**Collected material:**
******

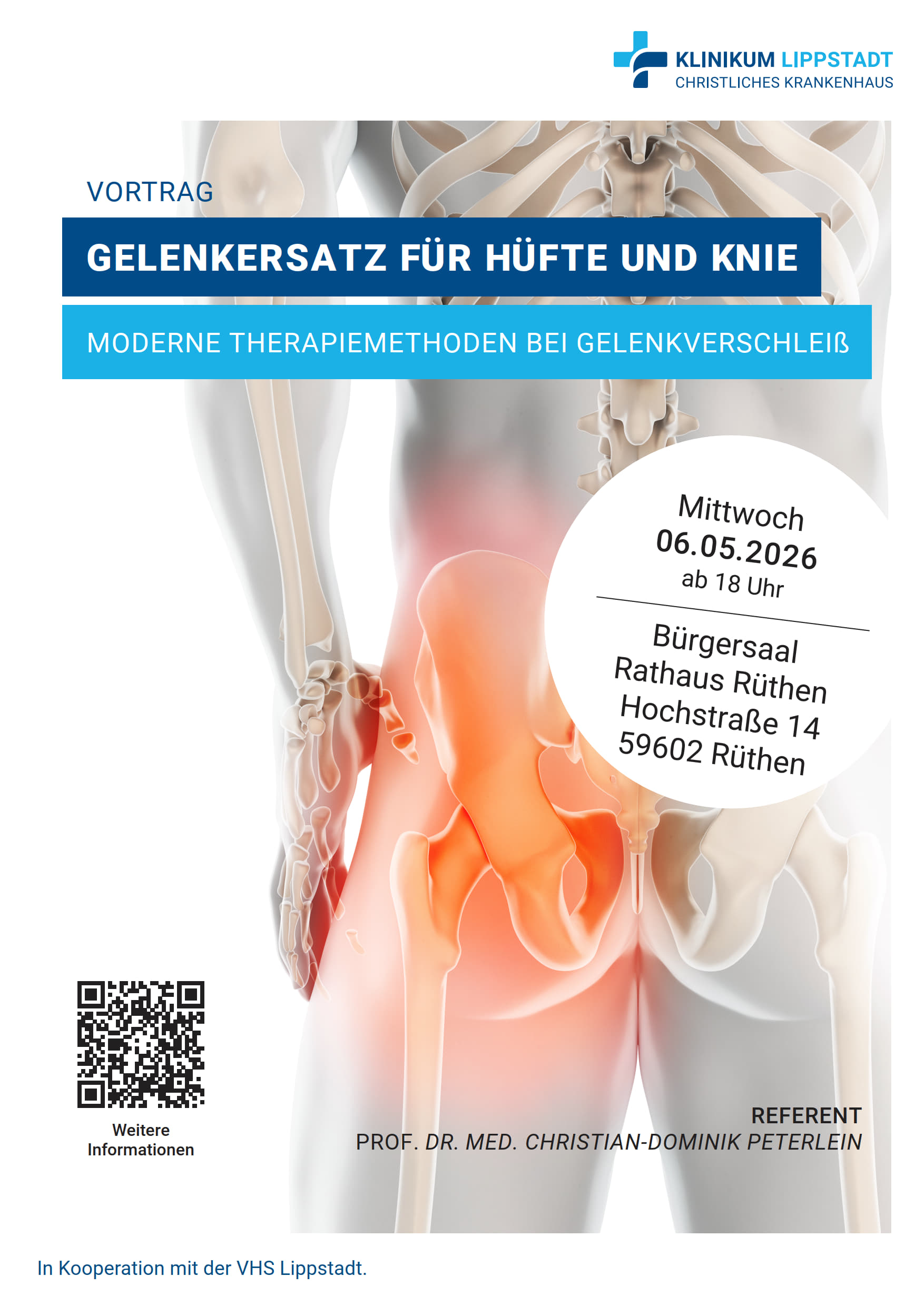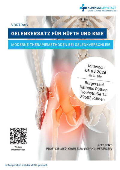 Antworten auf diese Fragen gibt Prof. Dr. med. Christian-Dominik Peterlein, Chefarzt der Orthopädie am Klinikum Lippstadt, in seinem Vortrag „Verschleiß an Hüfte und Knie – Wann ist ein Gelenkersatz erforderlich?“.
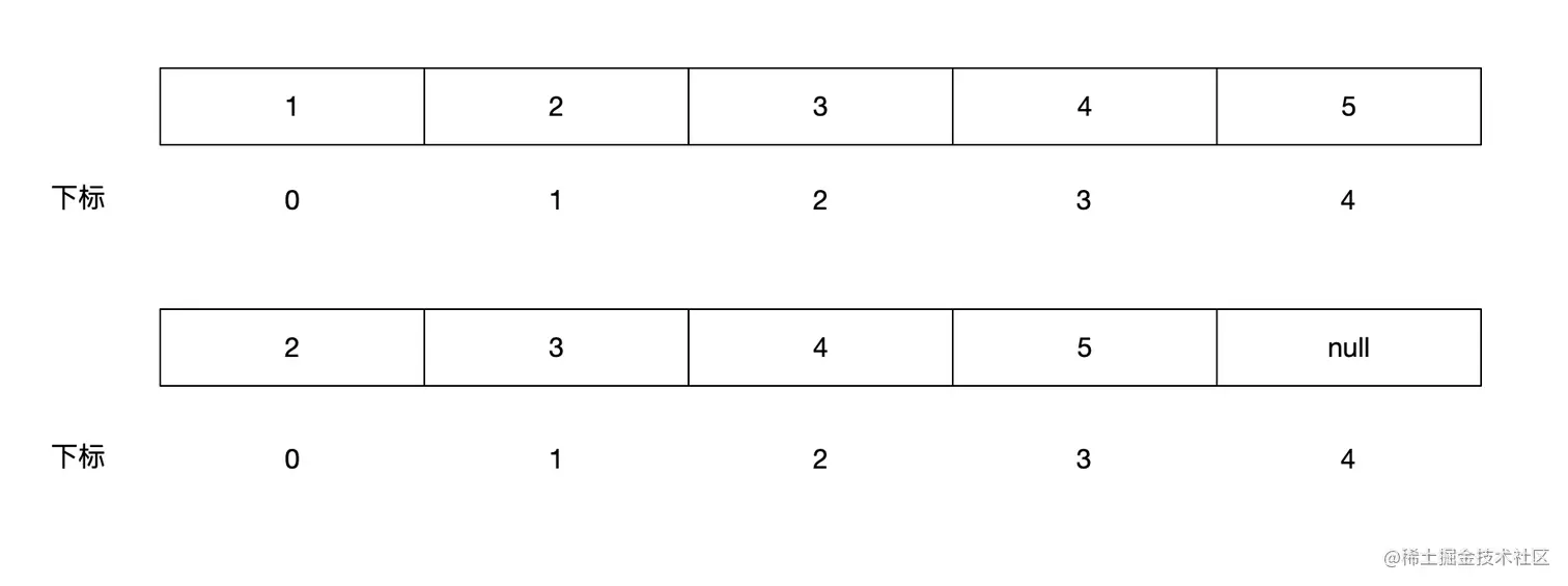 当删除数组元素时也需要开辟内存进行元素复制,删除某一个元素后,把后面的元素都往前挪一格。
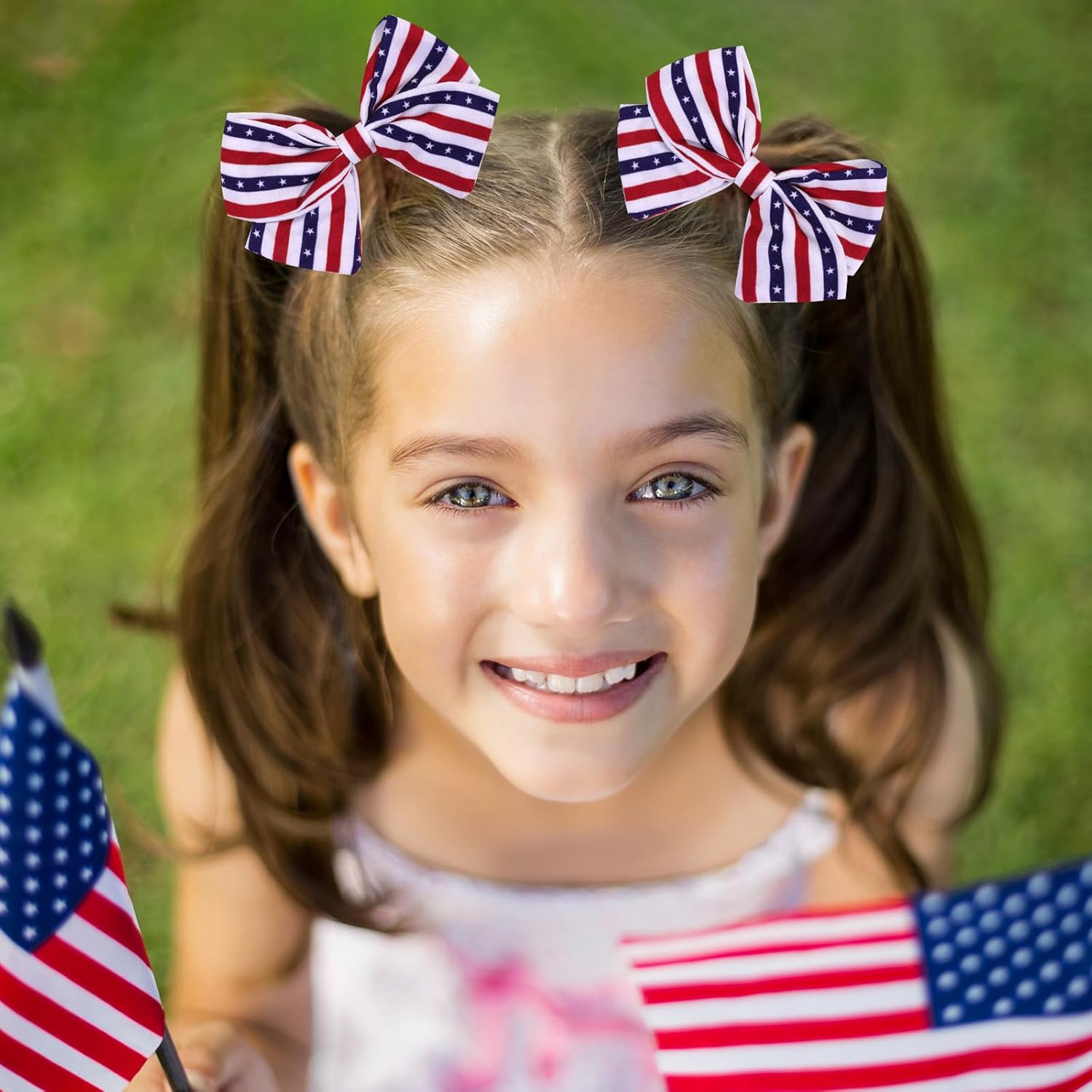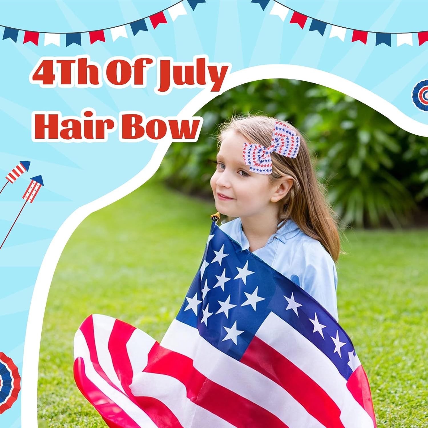 6 Pcs 4th of July American Flag Hair Bows for Girls,Fourth of July Independence Day Hair Accessories Patriotic Hair Bows Clips for Girls Toddler Children (Flag a)

******

**What the task asks:** Each line above is to be copied exactly, and the pictures are to be dropped.

**Task result:**
 Antworten auf diese Fragen gibt Prof. Dr. med. Christian-Dominik Peterlein, Chefarzt der Orthopädie am Klinikum Lippstadt, in seinem Vortrag „Verschleiß an Hüfte und Knie – Wann ist ein Gelenkersatz erforderlich?“.
 当删除数组元素时也需要开辟内存进行元素复制,删除某一个元素后,把后面的元素都往前挪一格。
 6 Pcs 4th of July American Flag Hair Bows for Girls,Fourth of July Independence Day Hair Accessories Patriotic Hair Bows Clips for Girls Toddler Children (Flag a)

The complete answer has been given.